How do you change? What would you change if you could? If you changed one thing, what else would change with it?
In his article Successfully Integrate Your Work Life, Stew Friedman looks at rebalancing life, work and self by changing how you integrate them together.
If you are like me, you would love to make some changes in your life – but how? We each are like massive planets in orbit in our lives. When we try to move a little bit from where we are – the other planets in the solar system tend to pull us back to our nice safe gravity well of status quo.
Stew suggest that you start with some small experiments – life experiments. In design thinking this we might call them prototypes. But why not prototype changes to your life.
Small changes, that you spend little time on are easy to abandon, transform, or take the next small step.
Big changes, where you make a radical change, gear up, spend time and money pressure us to “make it work” or “succeed” and failure comes with huge stopping power.
Try it now
- Choose anything you would like to change in your life.
- What is the minimal step you could take that moves it a little bit – maybe even right now as you sit there reading this.
- Try it a few times and hold these questions in your mind while you try – “how is this working? what else would make this a little better?”
The main idea here is when you want to change – Don’t try to boil the ocean! make small tests, steps, changes and see how it works.
What can you start changing today with a small change? What is a big change you are trying to make that you can simplify? What have you tried that didn’t work so far?
Do you keep work life and personal life distinct? Do you struggle with the boundaries? Can you reframe it?

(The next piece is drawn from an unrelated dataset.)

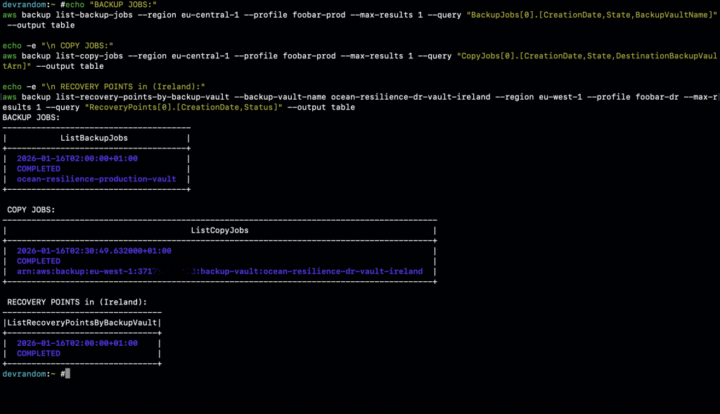 Caption: Recovery Points Successfully Replicated to DR Account (Ireland)

In his article Successfully Integrate Your Work Life, Stew Friedman reframes the definition of work and personal life, and an alternative that gives you more satisfaction, less stress, and can actually improve your relationships in both places.
Just like in Design Thinking – it’s starting with the right question that makes all the difference.
“If I had an hour to solve a problem I’d spend 55 minutes thinking about the problem and 5 minutes thinking about solutions.”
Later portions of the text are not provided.